Of a total of 5,636 CIRPs, 3,637 have been closed. Of the closed cases, 1,703 have ended in liquidation while 517 have resulted in the approval of the resolution plans. Seventy-five of these were listed companies. The rest of the closed cases have either been disposed of, or settled, or withdrawn. So far, 28 listed companies have ended in liquidation while 52 have been delisted following CIRP approval, and 23 continue to be listed. Another 70 listed companies are at some stage of the CIRP. In cases where the company remains listed, even if there is a significant capital reduction, it must maintain at least 5 per cent public shareholding. The regulator has received many representations from minority shareholders with variations of the following suggestions. The minority shareholders ask Sebi to intervene and allot converted shares, or to find some other means of assigning an appropriate value to minority investors.
Hence, the paper proposes minority equity shareholders will be provided an opportunity to acquire equity in the fully diluted capital structure of the resolved entity up to the minimum public shareholding percentage (currently 25 per cent) at the same pricing and on the same terms agreed upon by the entity that is taking over the firm. At the minimum, at least 5 per cent public shareholding should be ensured through an offer to minority shareholders in an equitable manner. The former promoter and family, associate group companies, directors, key management personnel, trusts with the former promoter as beneficiary, and so on will not be allowed to participate in such offers. The offer process to the minority shareholders of the new entity would be tech-enabled to ensure that the speed of resolution is not impacted or compromised. If all this is not possible and delisting has to occur, minority shareholders will be compensated in accordance with the terms of the CIRP offer.

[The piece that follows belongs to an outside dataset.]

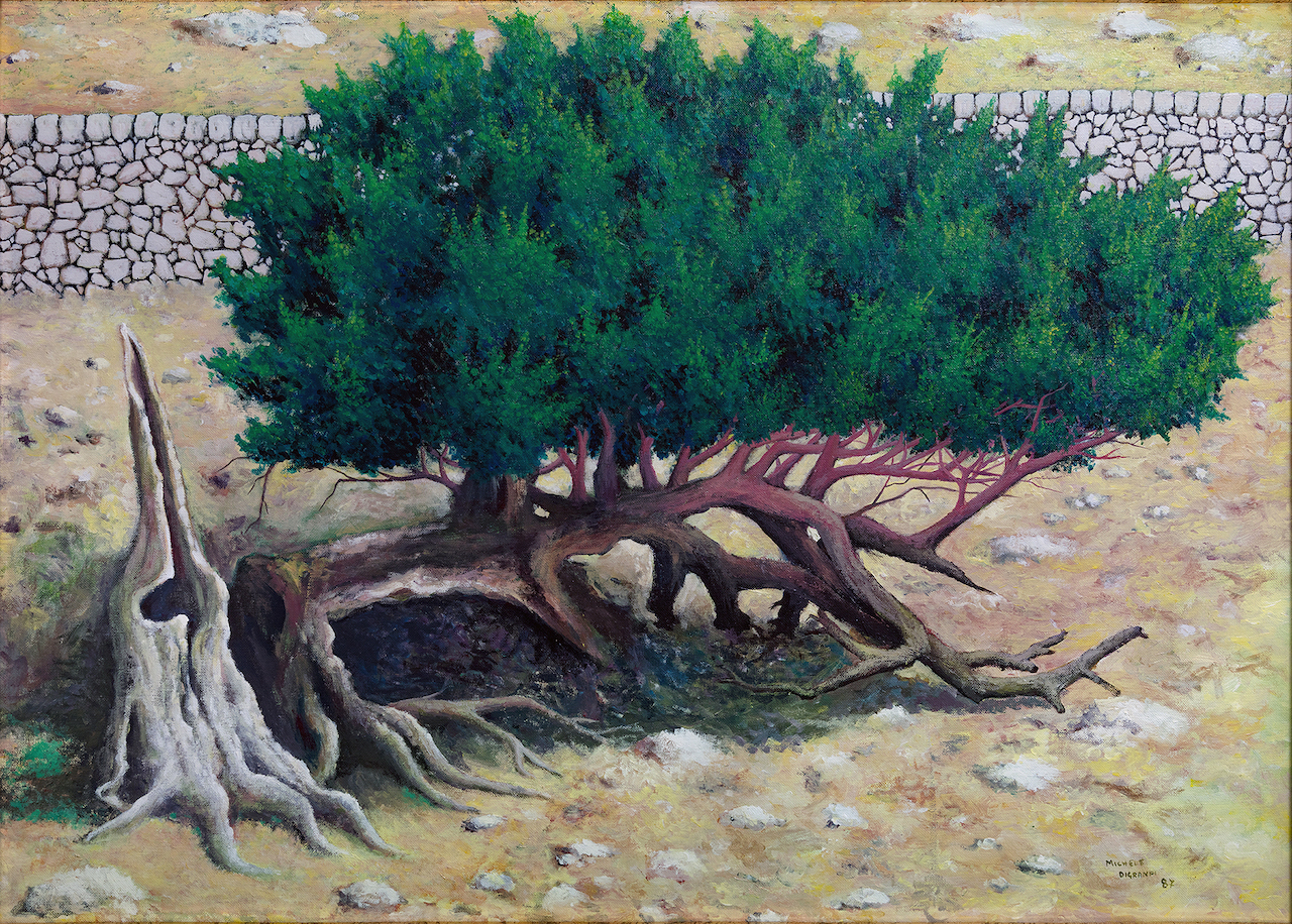 Le fresche fronde, dipinte con le varie tonalità di un verde intenso e brillante, tipico dei colori acrilici, svettano come mani oranti, liete di ringraziare il cielo per la florida rinascita e per lo scudo protettivo del muro a secco.
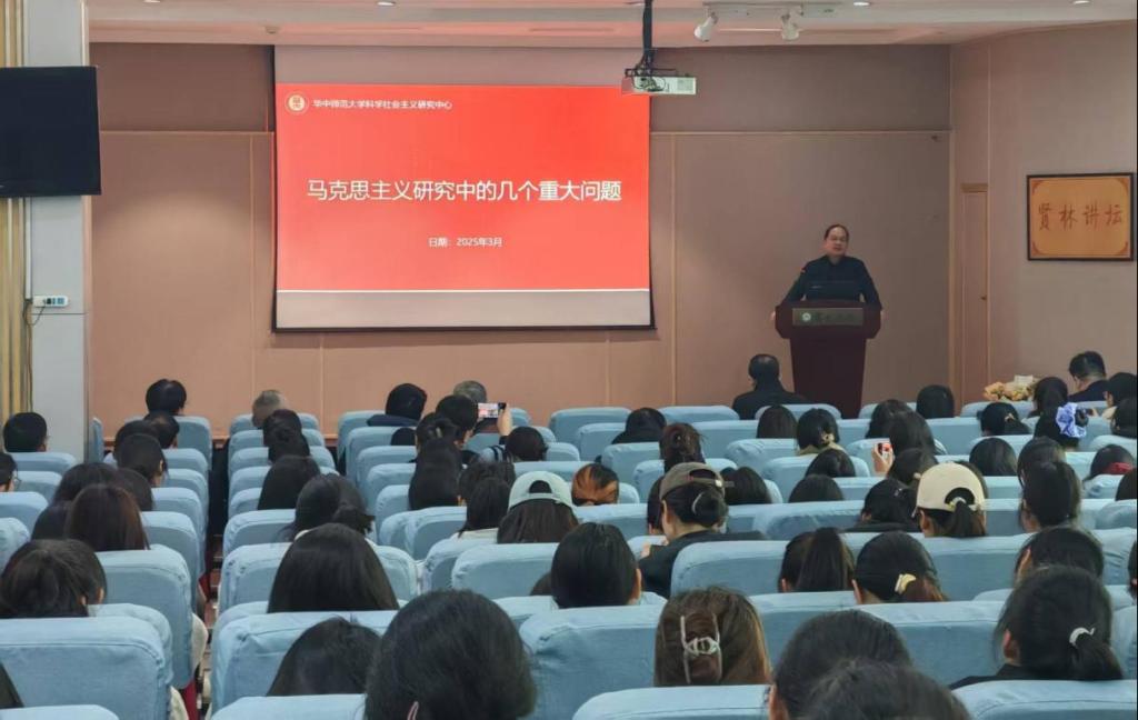 牟成文教授围绕马克思主义研究领域中几个关键问题展开讲解。首先,他以马克思主义的三大组成部分为出发点,科学阐释马克思主义哲学、马克思主义政治经济学、科学社会主义三者之间的关系。其次,牟成文教授深入剖析经典著作,结合时代背景与现实发展,对马克思主义的法哲学、马克思主义的群众观、科学社会主义与马克思主义之间的关系进行了系统性阐释,为同学们厘清了马克思主义研究中的诸多重点与难点问题。最后,在互动环节中,牟教授与同学们积极互动,就马克思主义的群众观与马克思主义生产力理论之间的关系等问题进行深入探讨交流,引导同学们深化对马克思主义理论的理解。

This “parachute” does in theory offer a safe landing for minority shareholders and if there’s a recovery in market value after the takeover, they get a second chance at wealth creation. However, this process would also add complexity and additional costs to the CIRP, and this, in itself, may be an impediment to resolution. It is axiomatic that equity investments are high-risk and equity investors should be prepared for losses. In practical terms, implementing this measure may compromise the speed and efficiency of the CIRP, making “zombie bankruptcies” more common. In that case, potentially useful assets would cease to generate returns and that might be a broader concern. The idea of speedy resolution should not be compromised.